The task:
Pictures aside, restate the records below exactly as written.

Records excerpted from a collection:
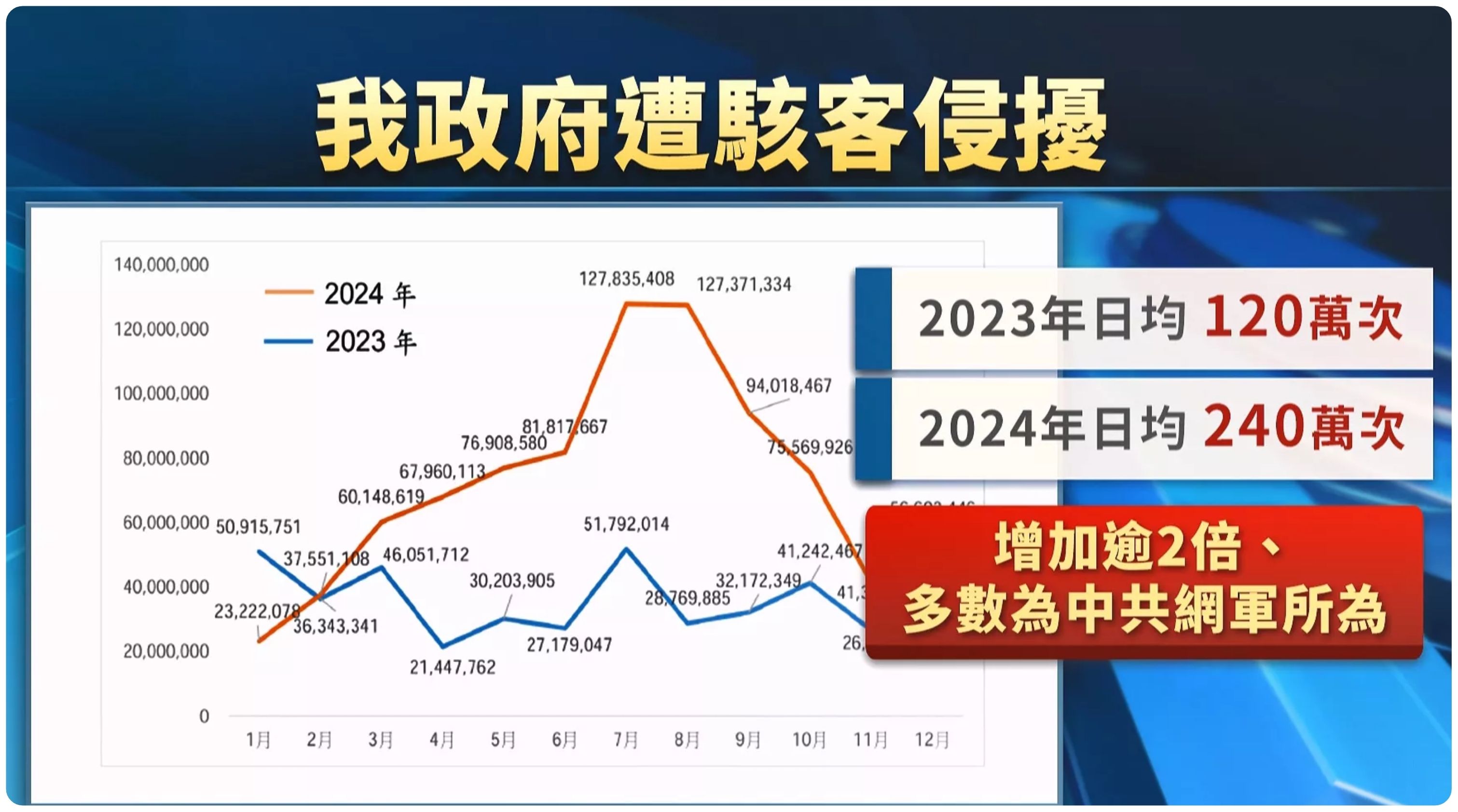 🔸️根據台灣國家安全局(NSB)報告,2024 年政府網路每日平均遭受 240 萬次攻擊,較 2023 年的 120 萬次相比翻了1倍,凸顯資安防護的迫切性。
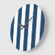 Navy Blue Stripes, White Stripes, Striped Pattern Large Clock
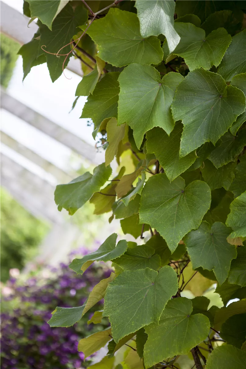 Die sommergrünen Blätter der Rostrote Rebe sind mittelgrün, herzförmig, wechselständig, gelappt. Diese sind etwa 20 - 30 cm groß. Rostrote Rebe zeigt sich leuchtend orangegelb bis rot im Herbst.
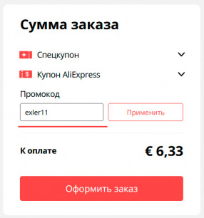 Первый код - exlernew11, второй код - exler11. Пользуйтесь на здоровье. Как использовать?  Перейти на Aliexpress, там зарегистрироваться (если вы новый пользователь), выбрать товар, добавить в корзину, при оплате ввести код (только сумма покупки должна удовлетворять условию) и нажать "Применить".
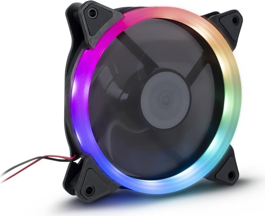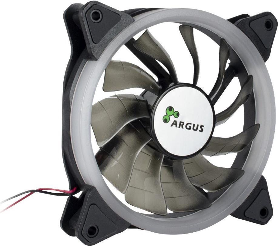 Der laufruhige 120mm RGB LED-Lüfter von Argus bietet mit seinen insgesamt 12 RGB-LEDs, die sich hinter einem halbtransparenten Ring befinden, einen stylischen Effekt. Gummierte Auflagen in den Lüfterecken, auf beiden Seiten des Lüfters, sorgen für einen vibrationsfreien Betrieb und lassen die Option offen, ob der Lüfter kühle Luft ansaugen oder die warme Luft aus dem Gehäuse pusten soll.Der Anschluss erfolgt über einen 2pin, der beispielsweise mit dem Reset-Schalter des Gehäuses verbunden wird, und macht so unabhängig von Mainboards mit RGB-Headern, was den Lüfter mit nahezu jedem Gehäuse und System kompatibel macht. Der Lüfter lässt sich wahlweise einzeln oder mit einer Vielzahl an weiteren RS-051 kombinieren und synchron schalten.Produkttext[/head]Der laufruhige 120mm RGB LED-Lüfter von Argus bietet mit seinen insgesamt 12 RGB-LEDs, die sich hinter einem halbtransparenten Ring befinden, einen stylischen Effekt. Gummierte Auflagen in den Lüfterecken, auf beiden Seiten des Lüfters, sorgen für einen vibrationsfreien Betrieb und lassen die Option offen, ob der Lüfter kühle Luft ansaugen oder die warme Luft aus dem Gehäuse pusten soll.Der Anschluss erfolgt über einen 2pin, der beispielsweise mit dem Reset-Schalter des Gehäuses verbunden wird, und macht so unabhängig von Mainboards mit RGB-Headern, was den Lüfter mit nahezu jedem Gehäuse und System kompatibel macht. Der Lüfter lässt sich wahlweise einzeln oder mit einer Vielzahl an weiteren RS-051 kombinieren und synchron schalten.[head]Hauptmerkmale
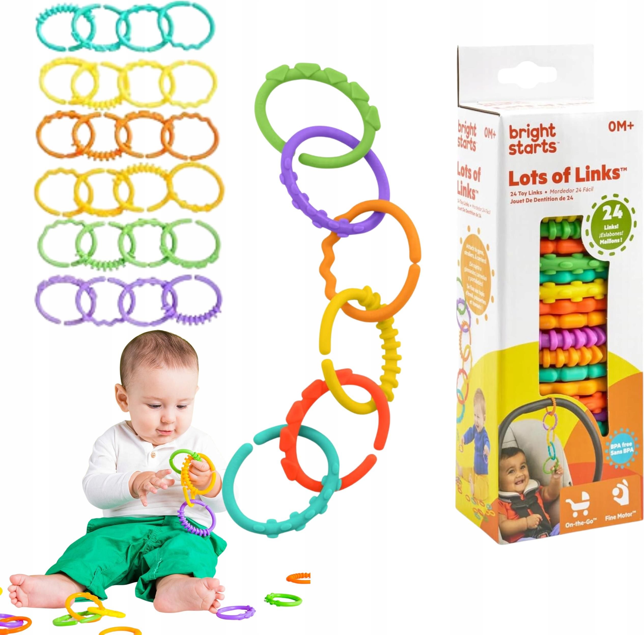 Zestaw gryzaków i łączników dla niemowląt dzieci Bright Starts 24 elementy Kolorowy, praktyczny i w 100% bezpieczny zestaw Bright Starts Fun Links to must-have dla każdego malucha! To nie tylko gryzaki, ale również sensoryczne ogniwa, które wspierają rozwój dziecka i zapewniają mnóstwo zabawy. DLACZEGO WARTO 24 kolorowe elementy o różnych fakturach – stymulują zmysł dotyku i wzroku Wielofunkcyjne zastosowanie – mogą służyć jako gryzaki lub łączniki do mocowania zabawek na wózku, foteliku czy macie Rozwój przez zabawę – wspiera koordynację ręka–oko i rozumienie przyczyny i skutku Bezpieczne materiały – wykonane z trwałego tworzywa sztucznego, wolnego od BPA Łatwe w czyszczeniu – wystarczy przetrzeć lub umyć pod bieżącą wodą ZALETY ZESTAWU Kreatywna zabawa – dziecko może łączyć, przekładać i tworzyć własne konstrukcje Uniwersalne zastosowanie – pasują do większości zabawek, gryzaków i zawieszek Idealne w podróży – lekkie, poręczne, łatwe do spakowania 🎁 IDEALNY PREZENT DLA MALUSZKA Zestaw Bright Starts Fun Links to doskonały pomysł na prezent dla niemowląt – rozwija, bawi i zajmuje malucha na długo. 🧡 Bright Starts – radość, nauka i bezpieczeństwo w każdej chwili zabawy!
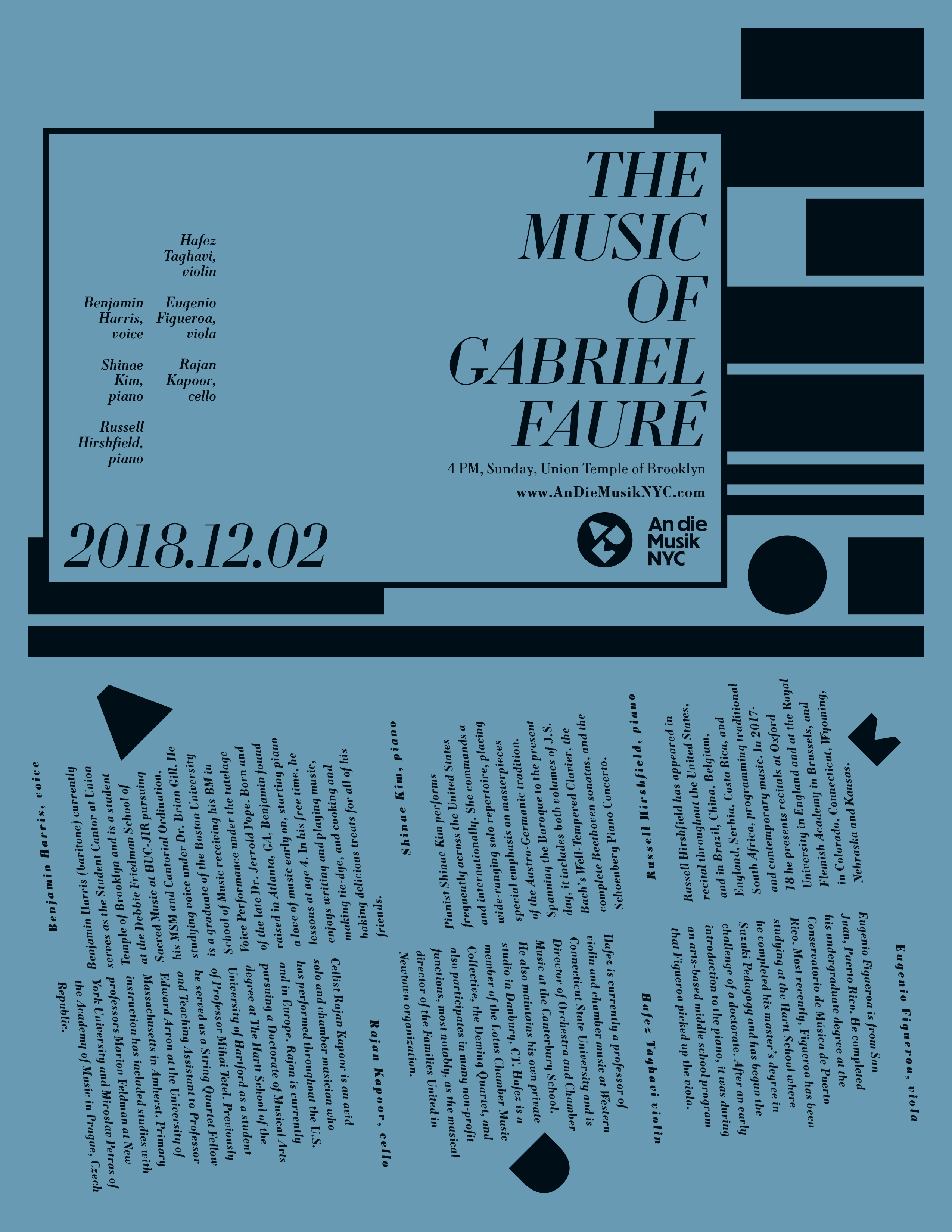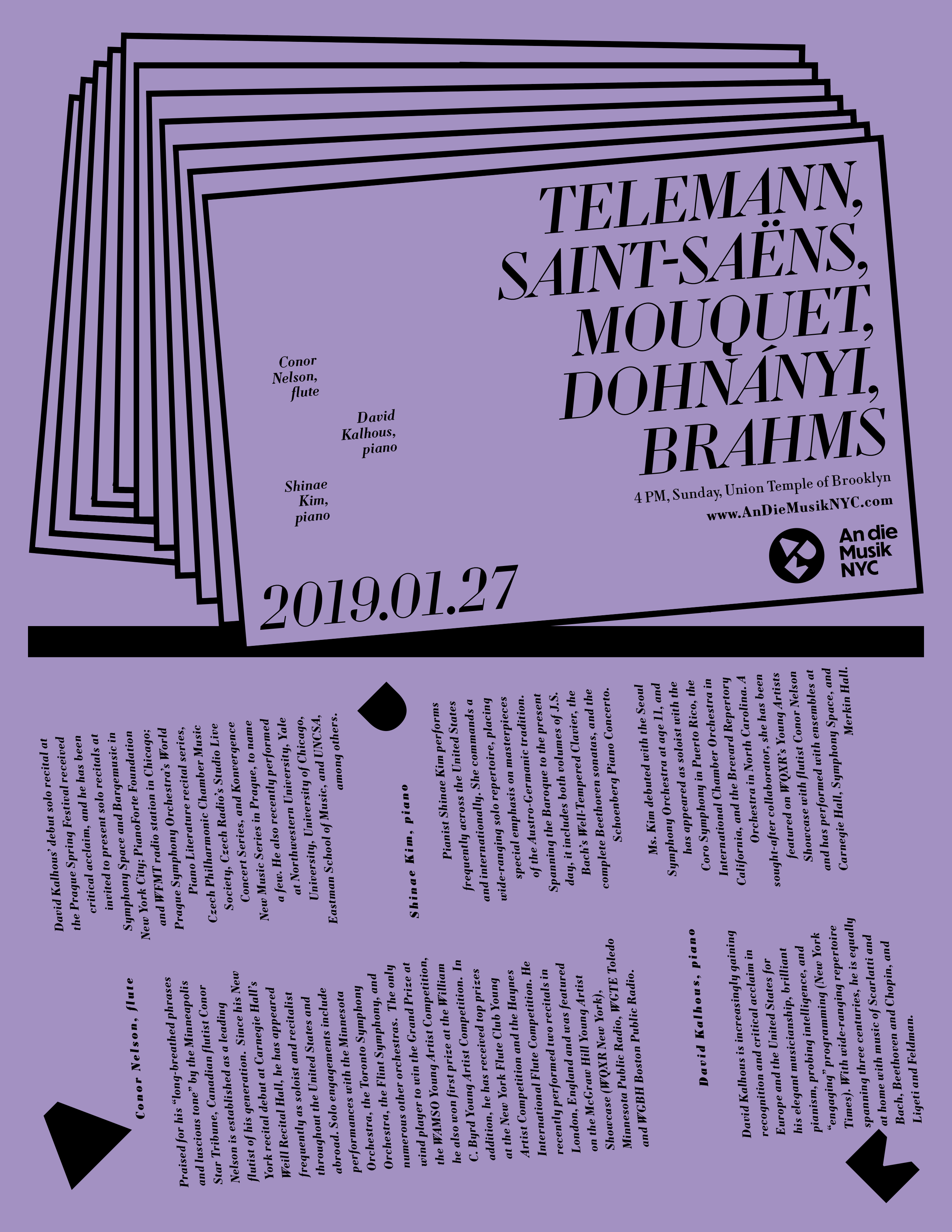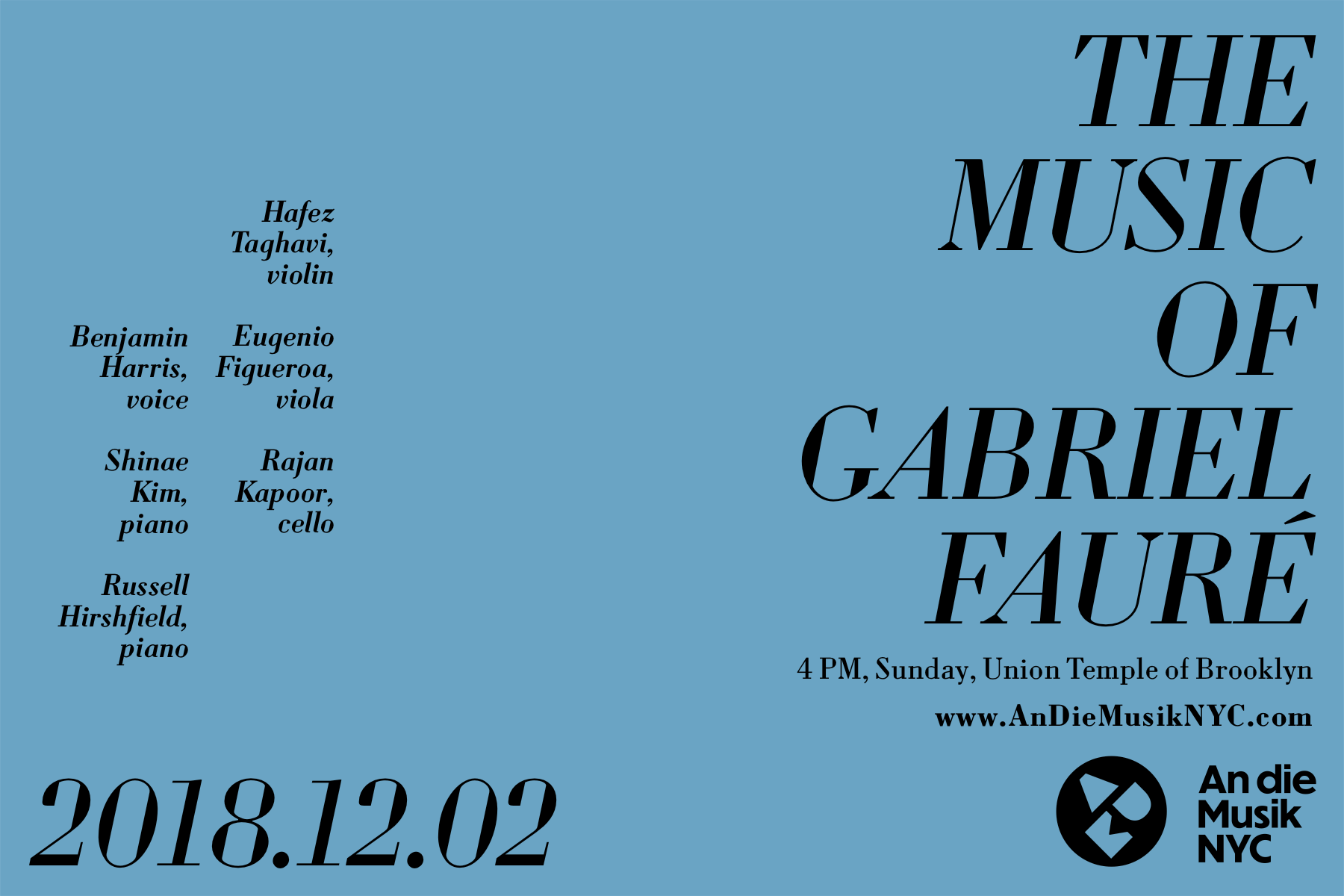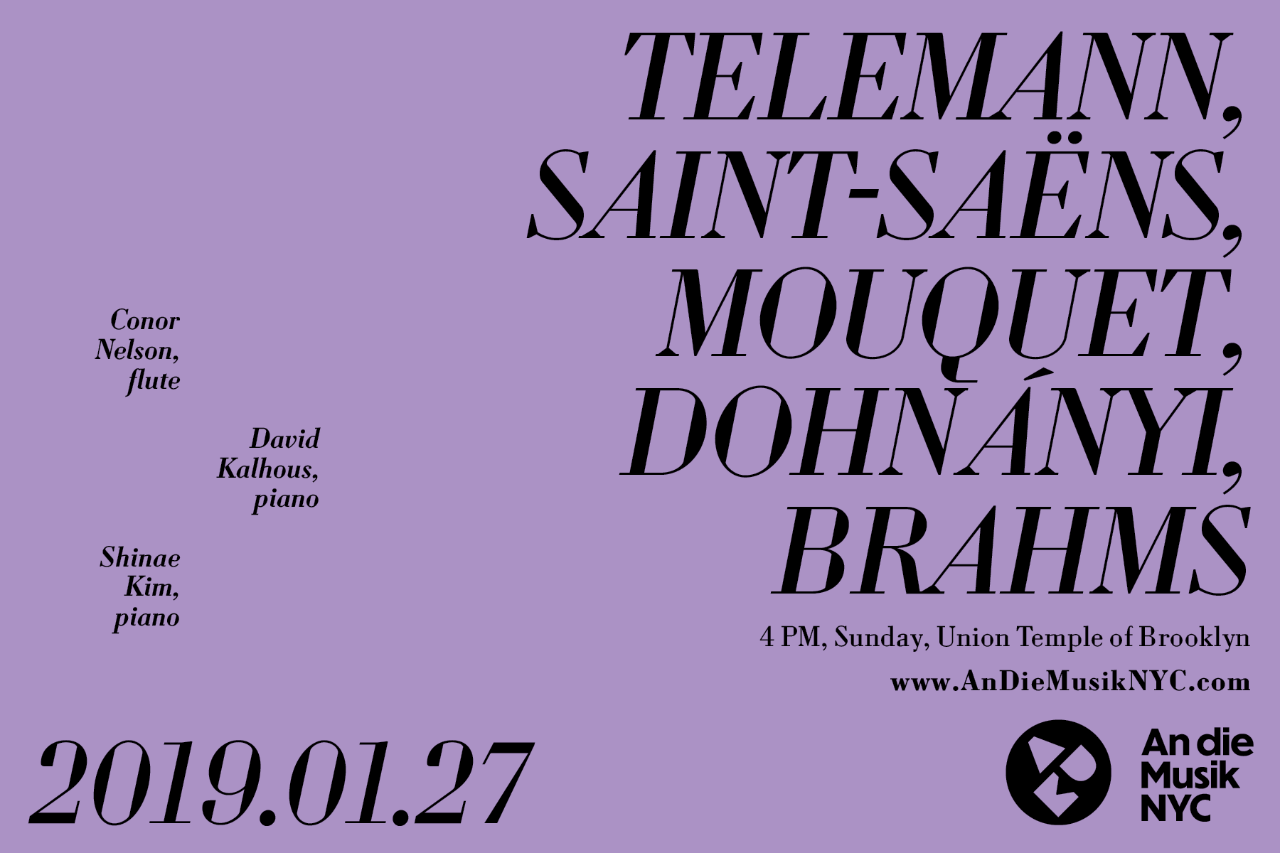 An die Musik NYC is a concert series bringing the people of New York City high-quality classical music at affordable prices. It presents internationally renowned performers alongside rising talents from the NYC community.

Expected answer:
 🔸️根據台灣國家安全局(NSB)報告,2024 年政府網路每日平均遭受 240 萬次攻擊,較 2023 年的 120 萬次相比翻了1倍,凸顯資安防護的迫切性。
 Navy Blue Stripes, White Stripes, Striped Pattern Large Clock
 Die sommergrünen Blätter der Rostrote Rebe sind mittelgrün, herzförmig, wechselständig, gelappt. Diese sind etwa 20 - 30 cm groß. Rostrote Rebe zeigt sich leuchtend orangegelb bis rot im Herbst.
 Первый код - exlernew11, второй код - exler11. Пользуйтесь на здоровье. Как использовать?  Перейти на Aliexpress, там зарегистрироваться (если вы новый пользователь), выбрать товар, добавить в корзину, при оплате ввести код (только сумма покупки должна удовлетворять условию) и нажать "Применить".
 Der laufruhige 120mm RGB LED-Lüfter von Argus bietet mit seinen insgesamt 12 RGB-LEDs, die sich hinter einem halbtransparenten Ring befinden, einen stylischen Effekt. Gummierte Auflagen in den Lüfterecken, auf beiden Seiten des Lüfters, sorgen für einen vibrationsfreien Betrieb und lassen die Option offen, ob der Lüfter kühle Luft ansaugen oder die warme Luft aus dem Gehäuse pusten soll.Der Anschluss erfolgt über einen 2pin, der beispielsweise mit dem Reset-Schalter des Gehäuses verbunden wird, und macht so unabhängig von Mainboards mit RGB-Headern, was den Lüfter mit nahezu jedem Gehäuse und System kompatibel macht. Der Lüfter lässt sich wahlweise einzeln oder mit einer Vielzahl an weiteren RS-051 kombinieren und synchron schalten.Produkttext[/head]Der laufruhige 120mm RGB LED-Lüfter von Argus bietet mit seinen insgesamt 12 RGB-LEDs, die sich hinter einem halbtransparenten Ring befinden, einen stylischen Effekt. Gummierte Auflagen in den Lüfterecken, auf beiden Seiten des Lüfters, sorgen für einen vibrationsfreien Betrieb und lassen die Option offen, ob der Lüfter kühle Luft ansaugen oder die warme Luft aus dem Gehäuse pusten soll.Der Anschluss erfolgt über einen 2pin, der beispielsweise mit dem Reset-Schalter des Gehäuses verbunden wird, und macht so unabhängig von Mainboards mit RGB-Headern, was den Lüfter mit nahezu jedem Gehäuse und System kompatibel macht. Der Lüfter lässt sich wahlweise einzeln oder mit einer Vielzahl an weiteren RS-051 kombinieren und synchron schalten.[head]Hauptmerkmale
 Zestaw gryzaków i łączników dla niemowląt dzieci Bright Starts 24 elementy Kolorowy, praktyczny i w 100% bezpieczny zestaw Bright Starts Fun Links to must-have dla każdego malucha! To nie tylko gryzaki, ale również sensoryczne ogniwa, które wspierają rozwój dziecka i zapewniają mnóstwo zabawy. DLACZEGO WARTO 24 kolorowe elementy o różnych fakturach – stymulują zmysł dotyku i wzroku Wielofunkcyjne zastosowanie – mogą służyć jako gryzaki lub łączniki do mocowania zabawek na wózku, foteliku czy macie Rozwój przez zabawę – wspiera koordynację ręka–oko i rozumienie przyczyny i skutku Bezpieczne materiały – wykonane z trwałego tworzywa sztucznego, wolnego od BPA Łatwe w czyszczeniu – wystarczy przetrzeć lub umyć pod bieżącą wodą ZALETY ZESTAWU Kreatywna zabawa – dziecko może łączyć, przekładać i tworzyć własne konstrukcje Uniwersalne zastosowanie – pasują do większości zabawek, gryzaków i zawieszek Idealne w podróży – lekkie, poręczne, łatwe do spakowania 🎁 IDEALNY PREZENT DLA MALUSZKA Zestaw Bright Starts Fun Links to doskonały pomysł na prezent dla niemowląt – rozwija, bawi i zajmuje malucha na długo. 🧡 Bright Starts – radość, nauka i bezpieczeństwo w każdej chwili zabawy!
 An die Musik NYC is a concert series bringing the people of New York City high-quality classical music at affordable prices. It presents internationally renowned performers alongside rising talents from the NYC community.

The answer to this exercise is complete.